DeepSeek-R1: RLVR + GRPO goes mainstream
On Jan 20, 2025, DeepSeek released DeepSeek-R1, and later made the license MIT, explicitly allowing the community to reuse model weights and even API outputs for fine-tuning/distillation. That single policy choice poured gasoline on the ecosystem.
Technically, R1 is strongly associated with Reinforcement Learning with Verifiable Rewards (RLVR) and GRPO as the post-training workhorse.
And yes, practically speaking, a huge amount of 2025 “small reasoners” energy was downstream of this release: distillation, synthetic traces, rewardable datasets, and tooling.
People also found that a little supervision, with a simple supervised fine-tuning (SFT), could already teach a model to “reason”.
Tooling ripple effects
Two things that introduced me to RLVR:
Hugging Face TRL and notably Unsloth grew real, usable GRPO support (after some early growing pains), and today it’s a first-class training path.
AI2 baked RLVR + GRPO directly into the OLMo 2 post-training recipe, which helped normalize the idea that “verified rewards + online RL” is working.
My take: RLVR/GRPO is powerful, but the current stack is still brittle, reward definition, verifier quality, distribution shift, and infra sensitivity. It works… until it doesn’t. I’m still skeptical about its long-term ergonomics in its current form.

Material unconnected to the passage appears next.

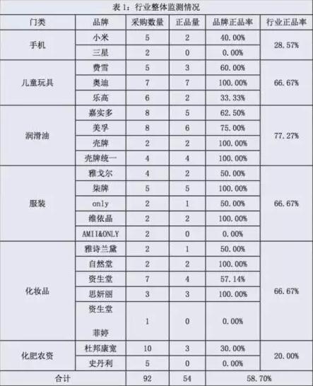 此次监测共完成92个批次的样品采样,其中有54个批次的样品为正品,正品率达到58.7%,非正品率为41.3%。(注:这里统一将假冒伪劣产品、翻新产品、非授权正规渠道,含量与宣传不符产品、无3C认证,非中国大陆地区官方正品、不符合《消费品使用说明 化妆品通用标签》要求产品等均列为非正品)。
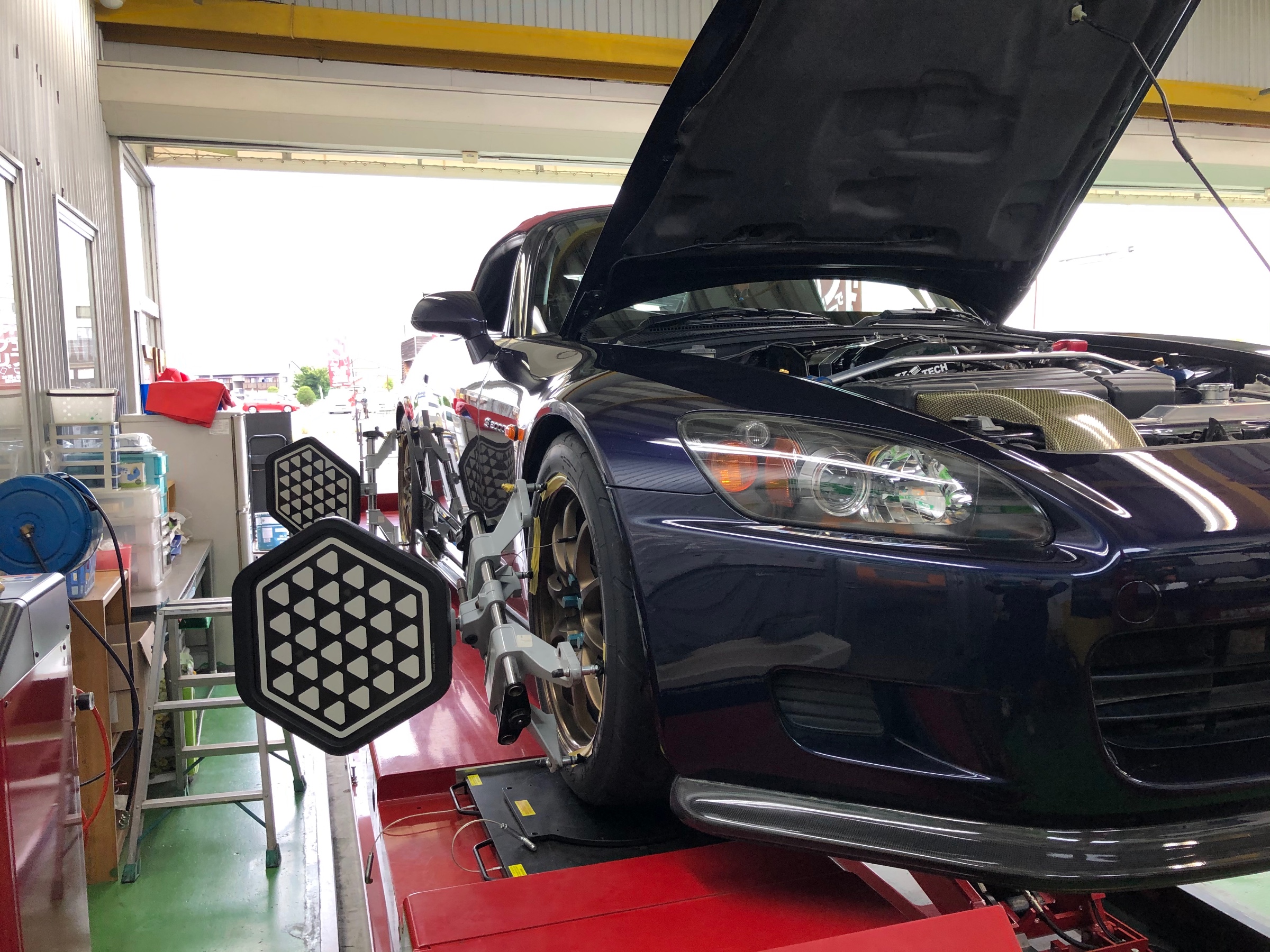 今回は業者様のご依頼でS2000のアライメントです。今回足廻り等を仕様変更と言うことでお預けかりしました。

We’re nowhere near the ceiling of what RLVR approaches can do.
The expected: FP4 (and “native 4-bit”) arrived for real
Once Blackwell-era hardware support became real, FP4 was quickly adopted.
NVIDIA introduced NVFP4 as a precision format purpose-built for Blackwell-class inference efficiency. I saw nearly 2x faster inference, without noticeable accuracy loss for large models.
OpenAI made a very loud statement by releasing gpt-oss-120b and gpt-oss-20b (Aug 5, 2025) “natively” quantized in MXFP4, explicitly positioning “open weights + efficient deployment” together.
Research momentum followed: papers (from various labs) report stable FP4 (pre-)training with performance comparable to FP8 baselines.
My bet: if you’re a big model provider, you’re already serving some portion of traffic in 4-bit (or something close).
Biggest disappointment: Llama 4
I was excited for Llama 4 because Meta had been the major force in open-weight democratization, especially in 2024.
Factually, Llama 4 wasn’t “nothing.” Scout and Maverick shipped with genuinely ambitious engineering choices, massive context lengths (Scout advertised 10M, Maverick 1M, but with very poor performance in practice), MoE variants, and a bunch of tricks (chunked attention, etc.).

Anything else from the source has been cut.